平行線

何故、自分は遅く自宅に戻った後でも、さらに絵筆を握れるのだろう。


確かに残された時間はとても小さい。


が、そこにあるのは「残った時間でどこまでできるか」という挑戦のみであり、痛みや苦しみは、ほとんどない。


他人から見れば、そんな奇行はお金になるわけでもなく、ただの苦行にしか見えまい。


自分でも時々、わからなくなる。「俺、いったい何やってんだろう」と考えることもある。
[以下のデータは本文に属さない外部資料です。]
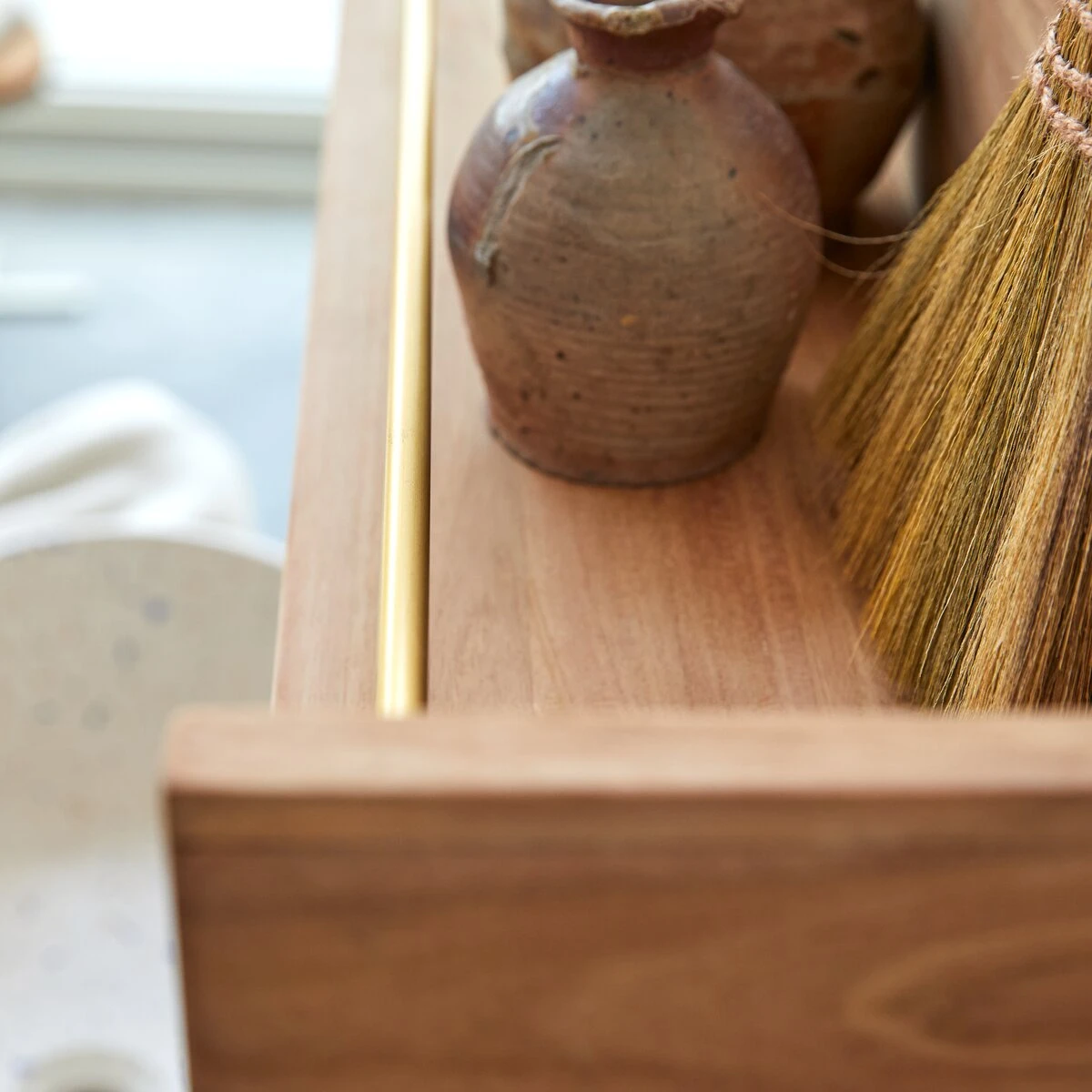 Le teck naturel associé au laiton raffiné composent un bel élément déco à placer dans la salle de bain pour recevoir les jolis flacons de toilette, la brosse, le miroir ou les pots déco…

だが、その理由たるや、いくら考えてみても、結局のところ「ただ好きだから」としか言えない。


モチベーションのルーツは自分でもわからない。
ただ、こぽこぽとひたすら涌いてくるのだ。だから描く。


もしかしたらその角をまがったら100万円落ちているかもしれない....。そんなことを考えて、次の角、そのまた次の角、と曲がり続けている。そんなイメージなのである。


対して、会社の業務に同じ様に没頭する連中がいる。
だが、自分には彼らのあの意欲が全く理解できない。いったい何が面白いのか。


互いに「何かをつくる」という点では、全く同じはずなのに、互いの距離は平行線であり、接することはない。


彼らは俺のことを決して理解できないし、俺も彼らのことが理解できない。


いつか分かち合えると思っていた。が、もう無理かな。と思い始めてる。